How the Internet Works 6 – Programming Languages

This is going to be an extremely brief and high level overview of what a programming language is. My goal here is that if you don’t know what a programming language is before reading this, you have an idea of what it is after.

A programming language is just the way that you tell a computer what you want it to do. You run programs on your computer, like a web browser, or maybe iTunes. These are programs.
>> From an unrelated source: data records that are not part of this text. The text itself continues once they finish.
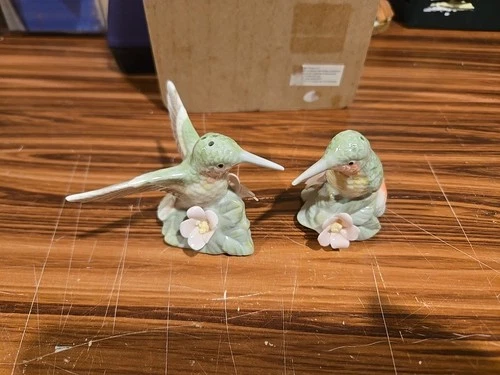 Vintage Ceramic Pale Green Humming Bird Salt & Pepper Shakers
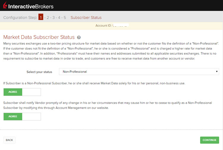 Spolu s registrací účtu InteractiveBrokers ihned nabídne přechodem do dalšího formuláře možnost konfigurovat základní nastavení účtu: Vyberte si, jestli se na vás z pohledu předplatného dat aplikuje status Professional nebo Non-Professional. Domácí obchodníci/jednotlivci mají vesměs status Non-Professional (a levnější data):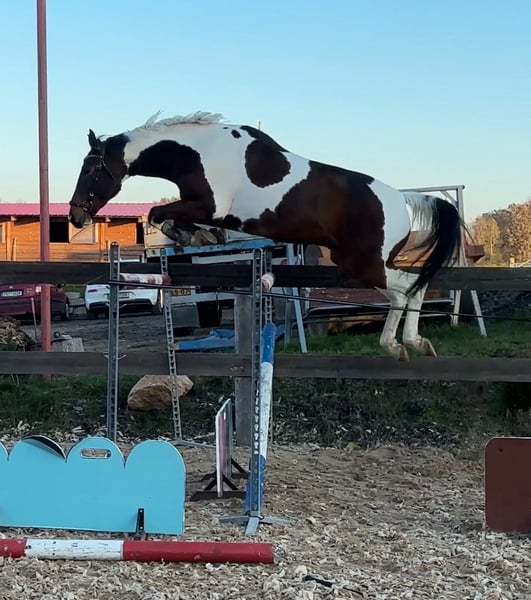 Nous proposons un joli hongre tacheté blanc-brun, de sang chaud tchèque, âgé de 5 ans. Barny possède un ensemble récent de radiographies claires et peut être votre prochain partenaire pour le saut d’obstacles ou un magnifique compagnon pour le hunter. Barny est capable de faire les deux, avec un galop naturellement équilibré et lent, ainsi qu’un galop de saut compétitif. Il est très honnête et, en entraînement, il peut facilement sauter un obstacle de 1,20 m, même si nous ne le faisons pas souvent afin de respecter son bien-être. Contactez-nous sur WhatsApp pour plus d’informations et des vidéos. 00420 739 122 134
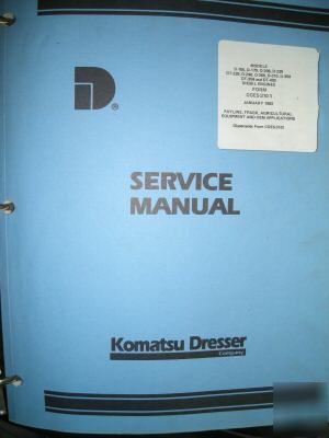 Service Manual by the Komatsu Dresser Company. For a number of years we've been equipment rental business and have many manuals on the shelf. This is like new, other than a little dusty. on front it says Models D-156, D-179, D-206, D-239, DT-239, D-246, D-268, D-310, D-358, DT-358 and DT-402 Diesel Engines form CGES-310-1 January 1982 Payline, Truck, Agricultural Equipment and OEM Appications. (Supersedes Form CGES-310) This is a very thorough reference book. (We do not proofread any ads submitted by members) |

Someone or a group of people built these programs, and the way they did it was by using a programming language.

There is a famous first program that people write, called “Hello World” where you just try and get the program to print out “Hello World.” Here is an example in a programming language called C:

#include <stdio.h>

int main(){
    printf("Hello World");
}

Theres a lot of random stuff here, a lot of random syntax to get the program to run, but the basic idea is that this will output “Hello World” when you run it.

In another programming language called python, if you want to print hello world you just write:

print "Hello World"

Different programming languages have different ways of telling the computer to do things. Many math operations also carry over, so for example you could add two numbers in python with:

print 5 + 10

There is wayyyyyyyyyyy more to programming languages. There is a specific legal way to write things in programming languages, and that is called the syntax. There are lots of other ways to classify and talk about programming languages, but that is for another time.